Why run prefill twice for the same tokens? Prefix caching identifies identical KV cache blocks by their content fingerprint and reuses them instantly — cutting TTFT to near-zero for repeated prompts.

← Ch06: Prefill vs Decode Next: Sampling →

The problem: redoing work you've already done

Every time a request arrives, the prefill phase → Ch.06 processes its input tokens — computing Key and Value vectors for each one and writing them to the KV cache → Ch.03. This is expensive. But what if two consecutive requests share the exact same first 2,000 tokens — a system prompt, say? Without prefix caching, you'd pay the full prefill cost twice, writing identical data into the cache twice. That's pure waste.

The Printed Exam Analogy Imagine a teacher who prints a 10-page exam for every student in a class of 100. The first 8 pages are identical for everyone — the instructions and the questions. Only the last 2 pages differ (different student names, different essay prompts). Without prefix caching, the teacher prints all 10 pages fresh for every student — 1,000 pages total, 800 of which are identical copies. With prefix caching, the teacher prints the first 8 pages once, photocopies them for everyone, and only prints the unique last 2 pages fresh per student. 800 pages of printing eliminated. That's prefix caching. The 8 shared pages are the system prompt. The unique 2 pages are each user's specific query. The photocopier is the KV cache block reuse mechanism.

Prefix caching is especially powerful in real deployments because shared content is extremely common. Every request in a chatbot shares the same system prompt. Every request in a RAG pipeline shares the same retrieved documents. Every turn in a multi-turn conversation shares all the prior turns. Across thousands of requests per second, the compute savings are enormous.

How prefix caching works — three building blocks

Prefix caching is built on top of PagedAttention's block structure → Ch.04. Because the KV cache is already divided into fixed-size blocks, and because each block holds exactly block_size tokens, it's natural to ask: "have I already computed the KV data for these exact tokens?" The answer is a hash lookup.

Building block 1 — Hash functions: turning content into a fingerprint

A hash function is a mathematical recipe that takes any input — a block of tokens, a document, a file — and produces a short, fixed-length string called a hash or fingerprint. Two critical properties make hashes useful for caching:

PROPERTY 1 — DETERMINISTIC

The same input always produces the same hash. Token sequence [849, 1495, 3283] will always hash to the same fingerprint — today, tomorrow, on any machine. This means if two requests contain identical token blocks, their hashes will be identical too, making the match detectable.

PROPERTY 2 — SENSITIVE

Change even one token and the hash changes completely. [849, 1495, 3284] produces an entirely different fingerprint from [849, 1495, 3283]. This means there are no false matches — if two blocks have the same hash, their token content is identical.

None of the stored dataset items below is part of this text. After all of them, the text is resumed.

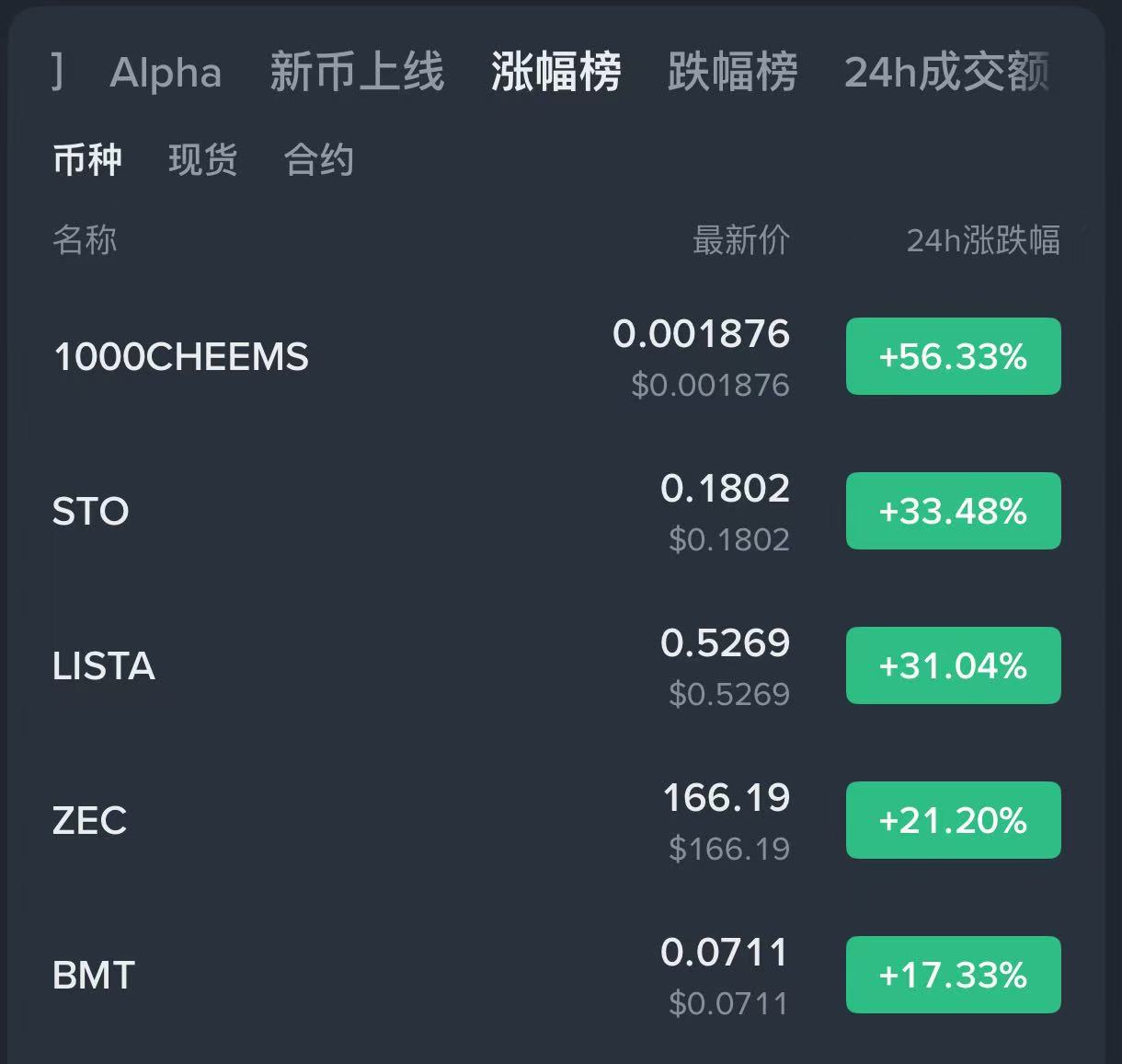 CHEEMS surges over 56% in 24 hours, claiming the top spot on Binance's list of top gainers
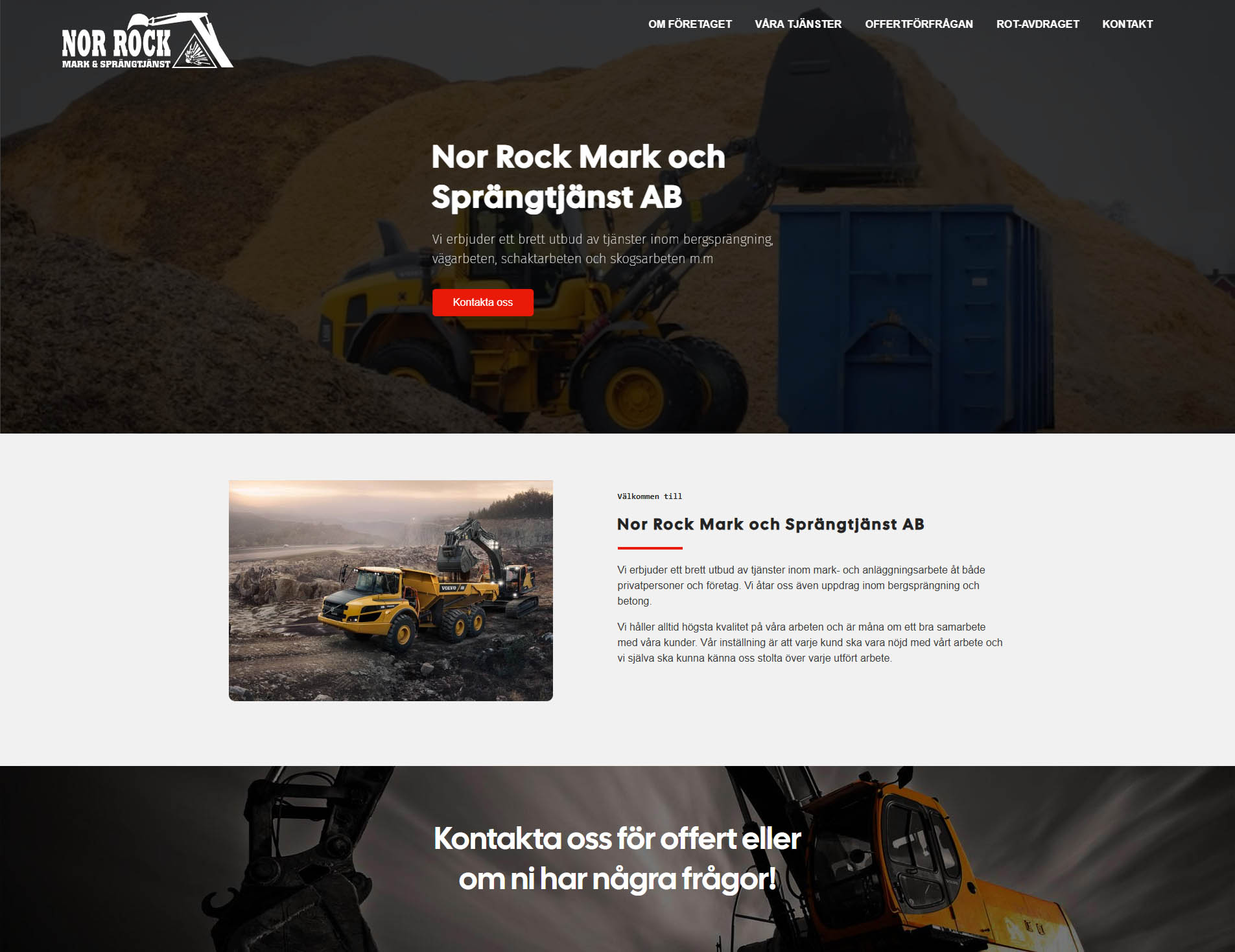 För Nor Rock har Jemtbyrån tagit fram en tydlig och funktionell webbplats som presenterar företagets tjänster inom markarbete, bergsprängning och betong.
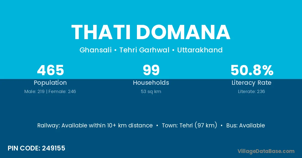 Tehri (97 km) is the nearest town to Thati Domana village for major economic activities and is located approximately 97 km away.
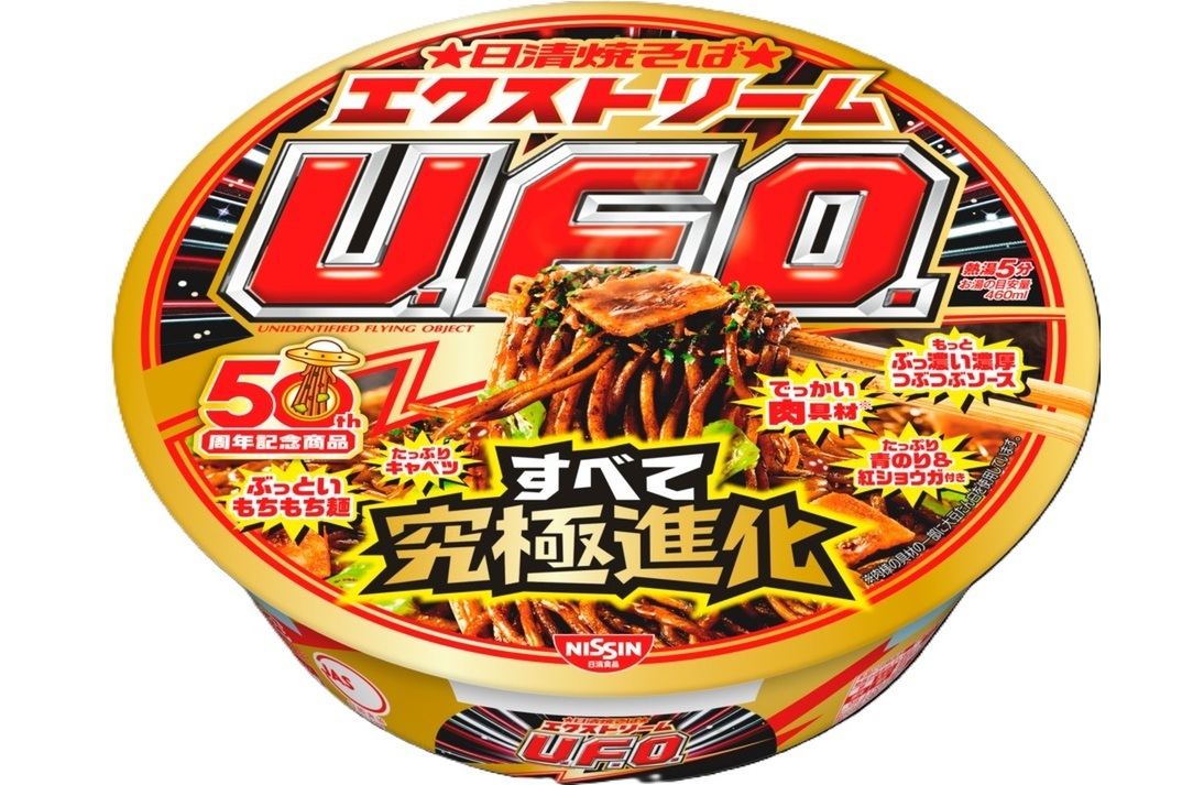 「日清焼そばU.F.O.」は1976年に発売されたロングセラーカップ麺ブランド。今回、50周年を記念した商品として、ソース、麺、具材、ふりかけのすべてを "究極進化" させた限定商品を展開する。

The Barcode Analogy A hash is like a barcode. The barcode for "Campbell's Tomato Soup 400g" is always the same barcode. Two cans with the same barcode are the same product — guaranteed. Change any character in the product name and the barcode changes completely. The supermarket's inventory system uses barcodes to avoid re-reading product descriptions manually. nano-vLLM uses hashes to avoid re-running prefill for token blocks it has already processed.

nano-vLLM uses a specific hash function called xxhash — chosen because it's extremely fast (computing a hash takes microseconds, far less than the prefill time it might save) and produces a 64-bit integer output that is compact enough to use as a dictionary key.

xxhash in action

The same token sequence always produces the same hash. Even a tiny change produces a completely different hash:

[849, 1495, 3283, 498, 30]
xxh64: 0xA3F2B8C1D4E7F091
[849, 1495, 3283, 498, 30]
xxh64: 0xA3F2B8C1D4E7F091 ✓ identical
[849, 1495, 3284, 498, 30]
xxh64: 0x1B9E4C2F7A053D86 ✗ completely different

Token 3283 changed to 3284 — one integer different — and the hash is completely unrecognisable. This sensitivity is what makes hash-based matching reliable. Any different content → different hash → no false cache hit.

Building block 2 — The hash-to-block map

The block manager → Ch.04 maintains a Python dictionary: hash_to_block. The key is the xxhash of a block's token content. The value is the physical block ID where those tokens' KV data already lives in the cache. When a new request arrives, the block manager hashes each of its first N blocks and checks this dictionary. If the hash is found, that's a cache hit — the KV data already exists and can be reused instantly. If not, that's a cache miss — prefill must compute that block fresh.

Building block 3 — Reference counting for shared blocks

When a block is shared between multiple requests via the cache, we can't just free it when one request finishes — other requests might still need it. The block manager uses a reference count (already introduced in Ch.04 → Ch.04 for copy-on-write) — an integer tracking how many requests are pointing to a block. The block is only returned to the free list when its reference count drops to zero. Until then, it stays in the cache, ready to serve future cache hits.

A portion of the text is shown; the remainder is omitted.